Select your language

In the article, we recall the General principles of digital encoding of speech in telecommunication. The author quite prominently highly complex processes encoding used in digital cellular systems. Theoretical research and original engineering solutions to create an elegant small subscriber radiotelephone. About what is happening in complex processes, which users and even many professionals telecommunication't even guess the reader will learn from this article.

Riddles of speech signals has attracted the attention of researchers long before electrical connection. In the XVIII century one of the greatest mathematicians St. Petersburg academician Leonhard Euler (1707-1783) in a letter to a German Princess from June 16, 1761 wrote: "the Construction of a machine that was able to publish voices of our speeches with all the changes, it would be, without doubt, the most important the invention... the Addition of such a machine it seems to me not impossible."

The idea of the invention that talking car was worried minds of many artists, not only wanted to create it in the form as imagined by Euler, but as the means of transmitting speech at a distance. For example, the construction of such a machine did the inventor of the telephone Alexander G. bell (1847-1922). Ultimately, however, it turned out that the transmission of speech at a distance is possible without such machine. This was achieved quite simply. Using the microphone fluctuations air carrying the speech is converted to oscillations of electric current, passed down through the wires, and at the receiving end using the phone they once again transformed into vibrations in the air.

This method of transfer is called analog because of the obvious analogy between fluctuations in the air carrying the sound, and electrical oscillations transmitting the sound. Research analog speech transmission with amplitude modulation of showed that normal-quality reproduction of speech sufficient frequency band from 300 to 3400 Hz. This bandwidth was adopted as international standard, and built a worldwide network telephone connection. The principle of operation of this network now known not only to every Communicator, but and the General public.

Digital transmission of speech in wired communication networks

Fundamental changes in approaches to organization telephone if you have any translation of communication on digital technology. The advantages of digital methods transmission is widely known. Recall only the most important of these is the digital the technique allows to provide any given quality. For digital speech transmission is necessary to perform analog to digital conversion of speech signal is subjected to analog signal sampling, quantization, and coding. The combination of these operations is called pulse-code modulation (PCM). For accurate description of the shape of the speech signal, according to the Nyquist theorem, it the discretization have to spend with a frequency of 8 kHz (i.e. taking samples through every 125 μs), and to obtain normal quality reproduction of speech quantize each sample on a scale, divided into 8192 level (when selecting uniform quantization scale). To encode each value with reference using binary numbers, we will need 13 bits.
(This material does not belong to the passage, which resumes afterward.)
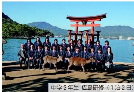
中学2年生 広島研修（1泊2日）
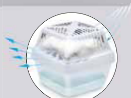
Antiderrame con máxima aireación

As a result, for transmission to the telephone conversation using the sequence binary pulses required speed h=104 kbit/s (which corresponds with optimal encoding of the band 52 kHz). Comparing this number with the band frequency 3100 Hz, which is required for analog transmission, not marvel at the tremendous growth the necessary bandwidth, which is necessary to pay for the advantages of digital transmission. Of course when you try the implementation of a digital transmission system to lower the transmission speed.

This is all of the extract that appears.